There's a company called Printable Scenery who sell... well, printable scenery. For tabletop gaming.

One of the many sets of models they offer is the one this came from (actually a combination of two of the pieces from the set) — their Modular Town Ruins.

They're designed with sockets to be able to clip together with OpenLock clips, but I prefer to just combine the models during printing to create a single piece. Being able to mix and match bits on the table is fine and dandy, but I'm just as happy to print a whole new ruin if I need one in a specific configuration. There's also the issue that I wargame primarily in 15mm, so the models need to be rescaled from their base size to fit in with models and figures of that size — the clips might still work, but it's an added complication I don't care for.

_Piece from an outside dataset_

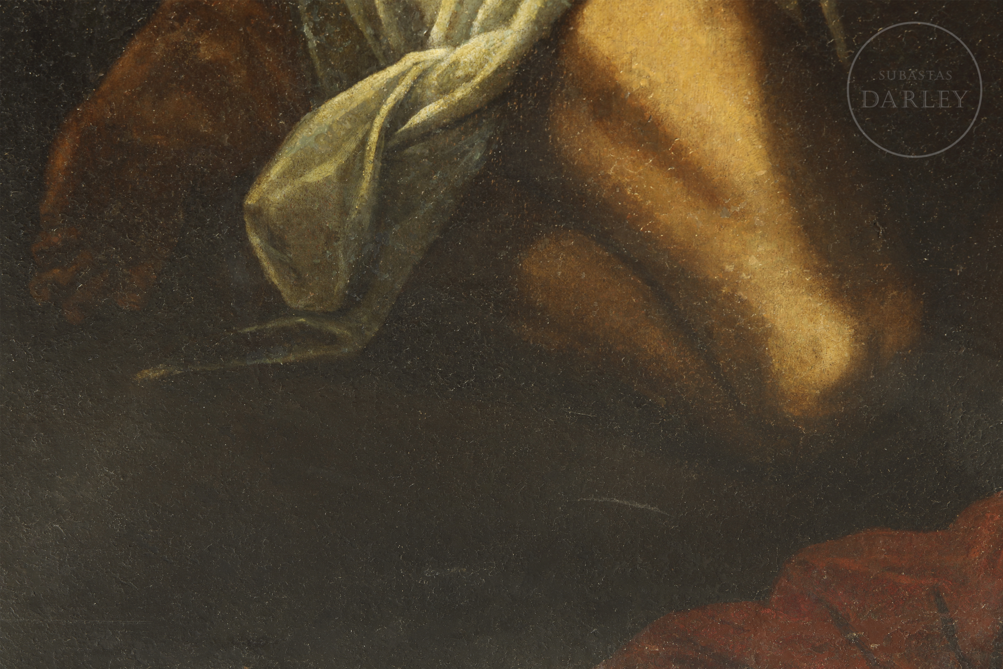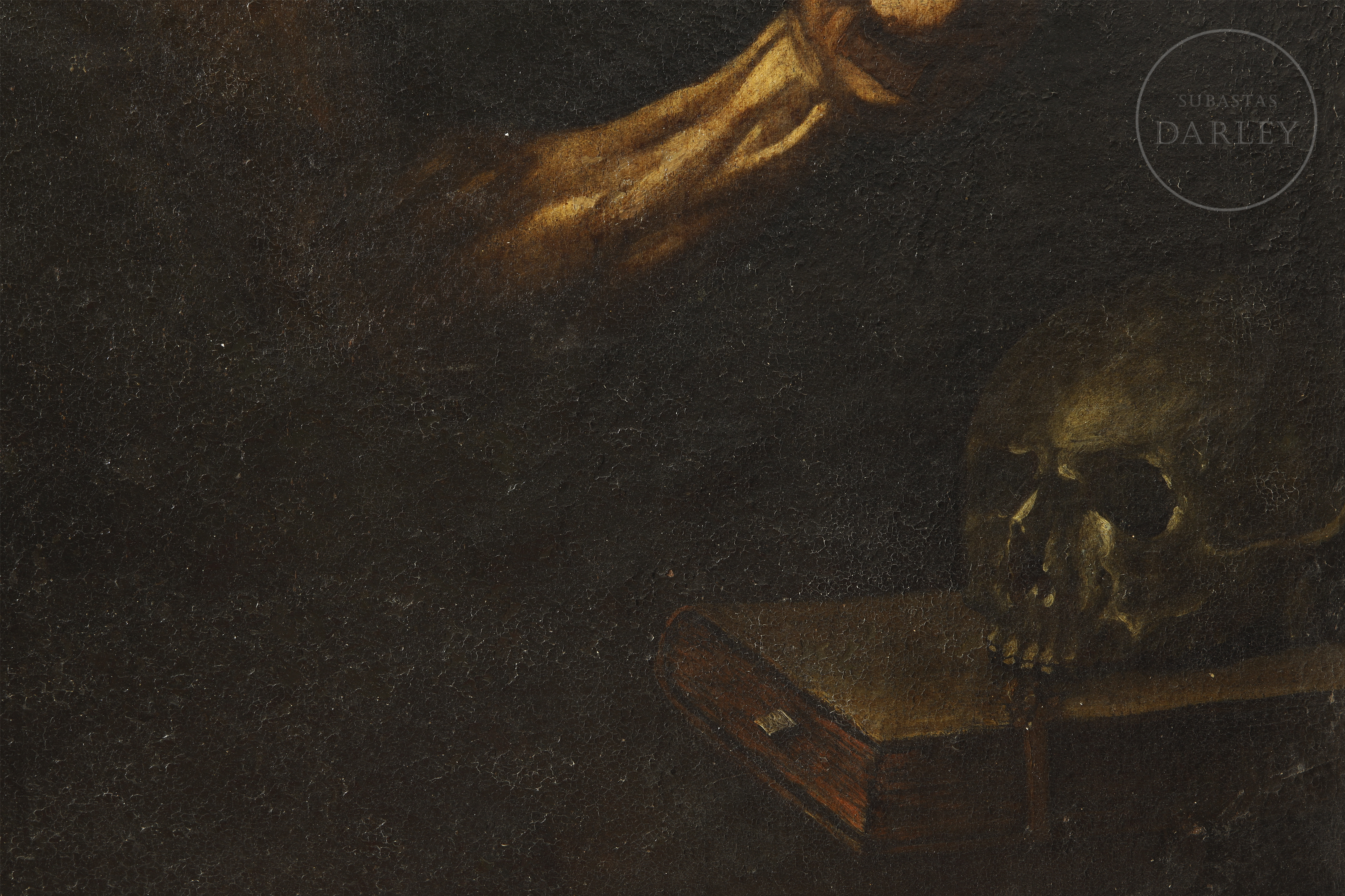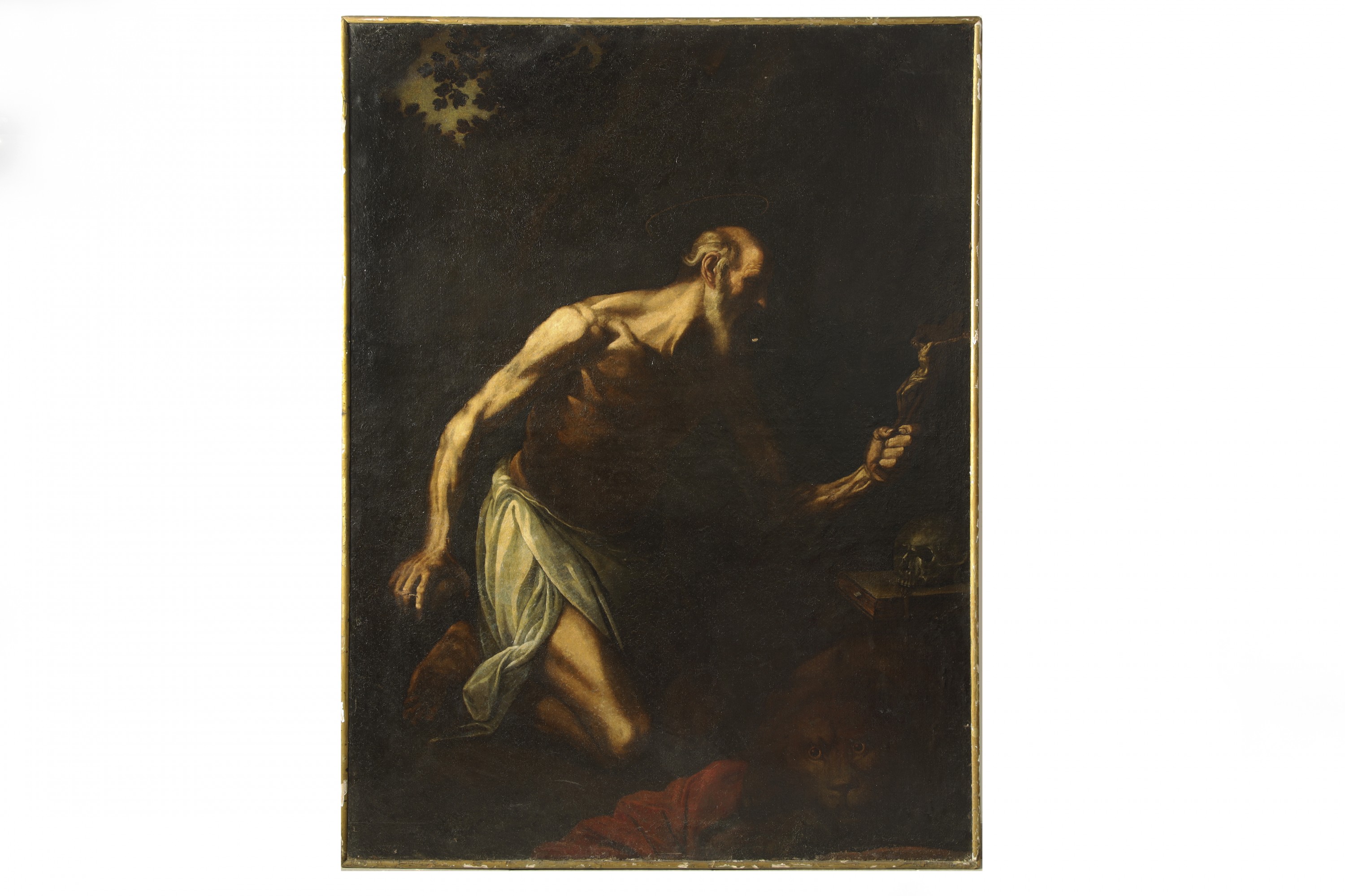 Oil on canvas. The work shows St. Jerome penitent, half kneeling, following one of the iconographic types of the conventional cultural tradition.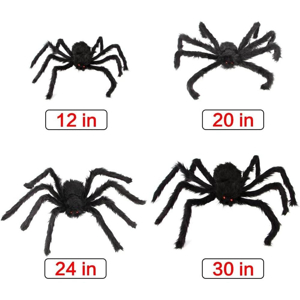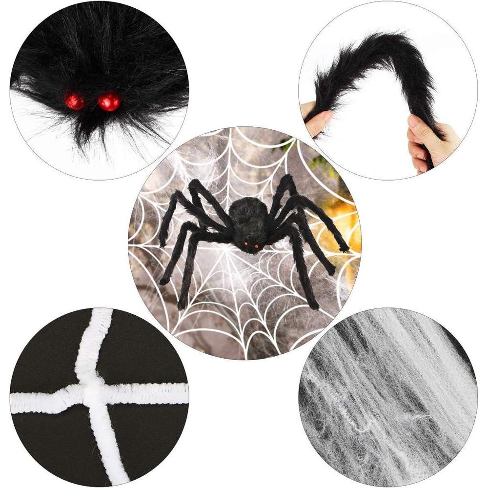 • Valioso juego de decoración de Halloween: viene con 4 arañas negras grandes (30 cm/24 pulgadas/20 pulgadas 12 pulgadas), 1 enorme telaraña redonda, telaraña elástica y 20 arañas pequeñas de plástico. Vamos a decorar tu loco Halloween.

I've resized these two bits to 60% in Cura, and arranged them to print together. They seem to fit pretty nicely with the 15mm figures I've photographed them with. I could maybe have taken them down to 50%, and I'll give that a go, but I suspect they'd then start looking a little small relative to the figures and what-not.

You get a good few different bits for your nine yankeebucks, and with these I should be pretty well set for 20th century building ruins for the foreseeable future.

The main feature that's missing is floors, for creating two-storey sections. However, that's not something that would be terribly difficult to create myself, if need be.

Later...

15mm figures from Battlefront, PaK36 and crew from PSC.
Shown here to the right is a more ambitious assembly from the same collection of pieces.

This one took about eight hours to print, which seems like a long time, but I can put something like this on the go in the evening and have it waiting for me to pick up off the printer when I wake up.

One thing that I've noticed from this exercise is that one does have to take note of which side of a wall segment is an inside or outside face; the piece in the top left, for example, should probably have been the other way around so that the fireplaces were actually inside the building, where they could have done some good when it was whole and inhabited. However, many of the pieces are fairly ambiguous, and you could get away with putting them either way around.